(GIVEN RECORDS)
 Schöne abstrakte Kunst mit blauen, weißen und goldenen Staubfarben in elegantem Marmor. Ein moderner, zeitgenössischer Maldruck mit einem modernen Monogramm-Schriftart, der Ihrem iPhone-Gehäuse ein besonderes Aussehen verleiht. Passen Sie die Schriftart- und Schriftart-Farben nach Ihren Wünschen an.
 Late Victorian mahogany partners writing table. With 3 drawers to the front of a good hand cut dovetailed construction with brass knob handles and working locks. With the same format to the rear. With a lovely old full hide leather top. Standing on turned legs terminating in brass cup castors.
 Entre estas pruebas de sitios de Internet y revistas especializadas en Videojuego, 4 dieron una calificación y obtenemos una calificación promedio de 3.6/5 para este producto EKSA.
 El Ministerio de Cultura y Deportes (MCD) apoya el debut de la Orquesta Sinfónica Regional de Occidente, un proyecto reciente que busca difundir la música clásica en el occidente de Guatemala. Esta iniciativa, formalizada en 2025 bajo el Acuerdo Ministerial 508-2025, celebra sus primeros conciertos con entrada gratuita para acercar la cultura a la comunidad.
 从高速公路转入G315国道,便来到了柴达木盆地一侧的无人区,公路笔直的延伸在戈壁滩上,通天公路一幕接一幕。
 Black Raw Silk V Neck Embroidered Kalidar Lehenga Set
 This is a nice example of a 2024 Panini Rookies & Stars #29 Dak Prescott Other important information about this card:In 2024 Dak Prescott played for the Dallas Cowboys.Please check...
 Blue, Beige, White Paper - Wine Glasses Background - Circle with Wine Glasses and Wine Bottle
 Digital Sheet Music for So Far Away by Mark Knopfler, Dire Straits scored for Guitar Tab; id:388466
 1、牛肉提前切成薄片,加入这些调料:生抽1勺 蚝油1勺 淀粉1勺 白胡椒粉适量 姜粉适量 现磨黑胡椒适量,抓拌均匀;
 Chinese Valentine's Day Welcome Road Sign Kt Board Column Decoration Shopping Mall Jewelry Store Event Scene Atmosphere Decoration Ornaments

...

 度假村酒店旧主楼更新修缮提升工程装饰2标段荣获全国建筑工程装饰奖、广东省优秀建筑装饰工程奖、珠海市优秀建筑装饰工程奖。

(TASK STATEMENT)
Only one stretch of the data above is needed. Restate it word for word, from the line containing "1、牛肉提前切成薄片,加入这些调料:生抽1勺 蚝油1勺 淀粉1勺" through the line containing "Chinese Valentine's Day", both ends included.

(OUTPUT OF THE EXERCISE)
 1、牛肉提前切成薄片,加入这些调料:生抽1勺 蚝油1勺 淀粉1勺 白胡椒粉适量 姜粉适量 现磨黑胡椒适量,抓拌均匀;
 Chinese Valentine's Day Welcome Road Sign Kt Board Column Decoration Shopping Mall Jewelry Store Event Scene Atmosphere Decoration Ornaments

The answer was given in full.